One thing I found missing in the paper are details about the training procedure. In order to infer the values of the latent variable corresponding to block identity, RNN need multiple trials to do so. In a typical RNN training, for neuroscience tasks, gradients are back-propagated only over one trial, and network's state is drawn randomly, or at 0, at the beginning of each trial. Are gradient back-propagated over multiple trials ? If so, what about the vanishing gradient problem ? How are network states initialized at the beginning of each trial ?
Another question related to training relates to the reward input (it is mentioned not to be important after training but I guess it is instrumental for the training part). This reward input depends on the trial by trial value of the readout unit and as such can not be defined a priori (typical training procedures define a set of input-output a priori, or use RL like approaches). How is this problem overcome here ?
Another improvement would be discuss/motivate a bit more the distillation approach, e.g. which new insight does it give compare to the previous analysis, or which insight it does not give compare to the previous analysis ?

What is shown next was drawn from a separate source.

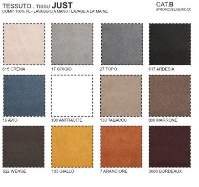 Rivestimento: tessuto (completamente sfoderabile), ecopelle (parzialmente sfoderabile).
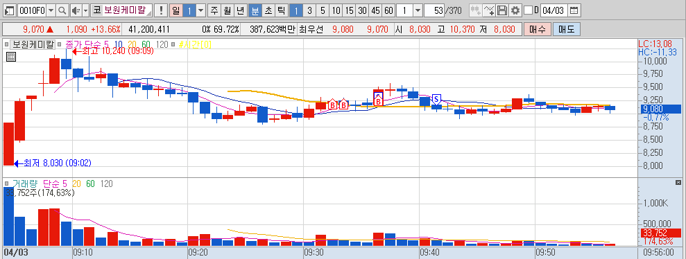어제 시외에서 상한가가고

__ Summary and Contributions__: The authors train a RNN on a task inspired by an experimental neuroscience task. The task requires integrating information across two timescales.
The authors analyze the RNN in a variety of methods. Performance is compared to ideal Bayesian solvers. The internal representation of the RNN is analyzed in a meaningful fashion. RNN dynamics show a line attractor that explains the observed representation. Finally, a novel pruning method reduces the RNN to a 2-unit network that retains its main properties.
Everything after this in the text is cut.